How AI-Powered Tailored Text Generation Can Help Copywriters Deal with Increasing Demand for Text Across Multiple Platforms
Content writers and copywriters who write for enterprise are under increased pressure to create a lot engaging content for a lot of channels. Never before have people consumed content on so many screens and in so many ways; mobile, desktop, experiential experiences are all fuelled by content, and someone has to create and alter it for these platforms.
All of this can be overwhelming for writers. Every piece of content includes core messages — line items that need to be communicated in some way, via a newsletter, email, message, push notification, etc., or often all of the above; all at different lengths, serving different audience attention spans, and with varying user requirements. It was this overwhelming challenge facing content creators, that got us thinking about how we could use AI to lighten the load.
There are multiple ways AI can automate and help some of this workflow, notably through the automatic generation of summaries for different formats and platforms. When given an input text, AI can be used to create a summary and, with the right guidance from engineers, can also be tailored to unique needs, like making the summary simpler, or having it touch on multiple aspects of a text (but not on others). First, let’s get one thing out of the way, for the writers out there.
The first question I often get from copywriters is, is this a step towards replacing their job. The answer is no.
The reality with AI is it’s not going to take over the world any time soon, but it is going to make some jobs easier by doing the mundane tasks that take a lot of time. These tasks can be automated. Automated text generation, in the form of summaries, makes writers’ jobs easier by allowing them to easily enable diversification and personalization of their texts for individuals and platforms. This means writers can spend more time doing what they love: being creative.
Pointer-Generator Framework for summary generation
The Pointer-Generator Framework (see references for more details) involves a Sequence-to-Sequence based network that helps model the summarization problem by taking the input text as a sequence of words, and using that input to generate the output summary. First, words are embedded into a space capturing all known information about that word and its meaning. Then that is taken into an encoder module. This encoder takes the sequence of words and encodes them into a hidden state, which is then decoded by the module and turned into the summary.
When we summarize an article, we read the whole text to understand the overall meaning. This is what the encoder is doing, and then the decoder uses this information and writes the summary.

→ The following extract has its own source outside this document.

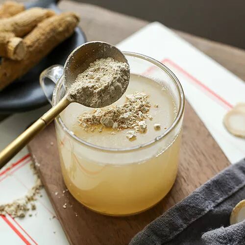 将西洋参研成细粉状,取5克,用纱布或滤纸包好,置杯中,冲入沸水。

Attention Distribution to focus on specific parts of a text and guide networks with words they don’t know
Recent neural networks have benefited a lot from what’s called Attention Distribution, working on top of the process above. As humans, we don’t usually read a whole passage once and then summarize it. Usually, we read it, digest the information, then focus on specific parts of a text that really matter and generate the summary from those parts. Attention Distribution does this — it tells the neural network what to focus on as it’s generating the summary.
The decoder can then incrementally focus on specific parts of a text to generate the summary. The decoder then generates a probability distribution over the vocabulary space that we have, and that determines the next word needed to be generated.
Another area where Attention Distribution can be helpful is if the network hasn’t seen a word before. In this case, the final distribution not only takes the text from the decoder (the probability of the next word to be generated), but also takes another input that makes use of the Attention Distribution to determine if the network needs to use this distribution to generate one word from its vocabulary, or whether it should just copy factual statements from the input text. This allows, in the output, an entity that isn’t present in the vocabulary, and so the network is able to copy it from the source and present it in the decoder.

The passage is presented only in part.